Everyone says having your show cancelled is like a death but I've been dead before and at least when you're dead you don't get thrown off the Warner Bros. lot for haunting your old parking space. They probably mean it's like the death of a friend or a family member but that shit only hurts when it's YOUR friend or family member and even then it's mitigated by age, lifestyle and whether that person was a Hollywood friend or a real one and whether that family member left you money.
Losing your show is more like a surprise divorce where you get served papers in the morning and your (ex)wife is fucking Human Target by three in the afternoon using the same time slot your child was conceived in and also where she did that one thing that one time on your birthday.
I'm sure this has been everywhere already, but I just read it.

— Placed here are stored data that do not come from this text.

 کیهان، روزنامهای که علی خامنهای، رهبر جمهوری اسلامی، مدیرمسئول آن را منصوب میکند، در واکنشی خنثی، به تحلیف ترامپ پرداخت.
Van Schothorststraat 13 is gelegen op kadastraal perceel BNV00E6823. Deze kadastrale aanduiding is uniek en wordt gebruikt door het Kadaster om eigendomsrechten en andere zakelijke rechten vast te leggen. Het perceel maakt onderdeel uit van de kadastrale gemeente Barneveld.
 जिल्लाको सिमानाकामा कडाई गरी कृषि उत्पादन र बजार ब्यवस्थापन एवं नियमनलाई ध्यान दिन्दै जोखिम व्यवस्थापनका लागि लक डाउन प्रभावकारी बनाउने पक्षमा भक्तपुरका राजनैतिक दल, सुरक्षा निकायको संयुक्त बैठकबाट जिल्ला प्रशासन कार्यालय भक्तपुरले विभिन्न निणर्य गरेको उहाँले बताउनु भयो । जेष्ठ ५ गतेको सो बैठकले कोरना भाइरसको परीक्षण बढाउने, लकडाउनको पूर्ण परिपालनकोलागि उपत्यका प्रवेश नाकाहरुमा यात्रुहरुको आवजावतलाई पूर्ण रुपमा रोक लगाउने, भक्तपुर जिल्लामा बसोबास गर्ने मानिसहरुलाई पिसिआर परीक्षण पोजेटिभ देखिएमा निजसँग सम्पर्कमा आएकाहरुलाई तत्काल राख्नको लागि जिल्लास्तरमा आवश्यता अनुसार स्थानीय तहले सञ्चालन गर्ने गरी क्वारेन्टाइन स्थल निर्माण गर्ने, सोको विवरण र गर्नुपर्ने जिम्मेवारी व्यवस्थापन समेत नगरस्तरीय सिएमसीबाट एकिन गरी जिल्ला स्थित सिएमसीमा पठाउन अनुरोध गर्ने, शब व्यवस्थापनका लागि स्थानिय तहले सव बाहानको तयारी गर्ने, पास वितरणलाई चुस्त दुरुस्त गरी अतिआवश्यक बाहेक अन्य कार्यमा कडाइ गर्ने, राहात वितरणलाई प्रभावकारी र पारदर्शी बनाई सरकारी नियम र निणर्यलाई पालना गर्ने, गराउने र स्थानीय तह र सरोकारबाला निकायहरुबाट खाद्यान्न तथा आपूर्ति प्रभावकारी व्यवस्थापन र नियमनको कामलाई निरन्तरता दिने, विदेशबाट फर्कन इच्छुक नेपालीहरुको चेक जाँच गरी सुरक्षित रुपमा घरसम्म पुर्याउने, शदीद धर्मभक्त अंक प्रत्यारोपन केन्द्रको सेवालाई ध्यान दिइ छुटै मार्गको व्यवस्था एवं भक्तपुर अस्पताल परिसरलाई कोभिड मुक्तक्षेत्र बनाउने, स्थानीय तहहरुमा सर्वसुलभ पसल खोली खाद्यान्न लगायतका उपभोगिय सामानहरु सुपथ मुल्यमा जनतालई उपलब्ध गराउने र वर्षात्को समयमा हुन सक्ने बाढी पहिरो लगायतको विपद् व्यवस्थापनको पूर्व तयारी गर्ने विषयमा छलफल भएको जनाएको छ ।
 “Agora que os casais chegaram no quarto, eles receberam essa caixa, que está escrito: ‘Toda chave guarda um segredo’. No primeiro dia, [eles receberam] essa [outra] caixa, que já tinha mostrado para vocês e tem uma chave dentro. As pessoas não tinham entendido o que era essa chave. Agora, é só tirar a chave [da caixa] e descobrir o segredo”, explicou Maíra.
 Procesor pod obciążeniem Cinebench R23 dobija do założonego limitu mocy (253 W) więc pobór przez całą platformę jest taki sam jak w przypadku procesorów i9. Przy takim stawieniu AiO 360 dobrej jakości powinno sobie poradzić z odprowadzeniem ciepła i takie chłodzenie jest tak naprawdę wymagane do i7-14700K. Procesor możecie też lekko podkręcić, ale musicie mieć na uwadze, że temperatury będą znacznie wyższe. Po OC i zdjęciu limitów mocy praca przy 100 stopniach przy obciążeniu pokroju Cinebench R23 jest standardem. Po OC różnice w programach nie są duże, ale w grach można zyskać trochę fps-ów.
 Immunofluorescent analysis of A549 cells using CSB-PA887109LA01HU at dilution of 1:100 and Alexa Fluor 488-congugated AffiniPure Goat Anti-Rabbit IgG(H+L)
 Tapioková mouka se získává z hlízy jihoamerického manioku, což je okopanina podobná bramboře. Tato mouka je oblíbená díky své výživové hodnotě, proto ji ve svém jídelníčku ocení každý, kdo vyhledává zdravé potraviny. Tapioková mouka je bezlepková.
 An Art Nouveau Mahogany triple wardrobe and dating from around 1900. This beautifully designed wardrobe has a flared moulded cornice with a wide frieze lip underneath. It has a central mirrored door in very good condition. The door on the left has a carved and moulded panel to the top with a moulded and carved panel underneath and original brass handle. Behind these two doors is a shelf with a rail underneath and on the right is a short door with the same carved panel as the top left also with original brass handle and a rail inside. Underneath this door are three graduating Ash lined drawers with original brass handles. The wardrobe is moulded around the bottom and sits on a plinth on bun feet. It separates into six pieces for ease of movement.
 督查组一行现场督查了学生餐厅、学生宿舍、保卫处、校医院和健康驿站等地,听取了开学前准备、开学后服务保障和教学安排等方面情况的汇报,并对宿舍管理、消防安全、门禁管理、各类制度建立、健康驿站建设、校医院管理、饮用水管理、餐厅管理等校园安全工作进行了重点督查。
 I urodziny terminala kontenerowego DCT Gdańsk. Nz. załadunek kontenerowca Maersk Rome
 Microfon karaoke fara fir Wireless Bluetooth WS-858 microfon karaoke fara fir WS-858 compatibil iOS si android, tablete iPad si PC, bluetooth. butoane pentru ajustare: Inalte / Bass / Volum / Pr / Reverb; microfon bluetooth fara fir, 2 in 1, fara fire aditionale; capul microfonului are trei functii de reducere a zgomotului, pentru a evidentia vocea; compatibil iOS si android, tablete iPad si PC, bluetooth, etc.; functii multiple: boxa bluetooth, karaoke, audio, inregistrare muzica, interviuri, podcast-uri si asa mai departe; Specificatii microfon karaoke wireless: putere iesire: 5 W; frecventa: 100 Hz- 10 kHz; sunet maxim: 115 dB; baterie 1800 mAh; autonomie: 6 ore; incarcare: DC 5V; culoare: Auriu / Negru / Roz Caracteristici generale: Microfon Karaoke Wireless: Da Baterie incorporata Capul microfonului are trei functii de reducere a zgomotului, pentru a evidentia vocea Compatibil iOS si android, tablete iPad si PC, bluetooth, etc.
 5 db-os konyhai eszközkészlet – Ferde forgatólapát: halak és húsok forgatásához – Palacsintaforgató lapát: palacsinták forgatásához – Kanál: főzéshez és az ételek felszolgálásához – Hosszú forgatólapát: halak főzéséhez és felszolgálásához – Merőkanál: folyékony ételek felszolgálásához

And I howled...through the tears.
Josh Friedman posts the above and more about the final days of his TV series, The Sarah Connor Chronicles. Feel his pain HERE.
I've been lucky I suppose...as in, knowing ahead of time it was going to be the final season for all five TV series I was involved with at the end. We weren't cancelled as much as stopped. It didn't feel great...but it wasn't a shock either. Getting cancelled, on the other hand, gots to be a pretty tough pill to swallow.
PS A note to newbies to the media blog circles --- if you've never visited I Find Your Lack Of Faith Disturbing... Go. Now. Find Friedman's archives, start at the beginning, and treat yourself to some of the funniest insider film/tv industry reading out there...from one of the 'original six'.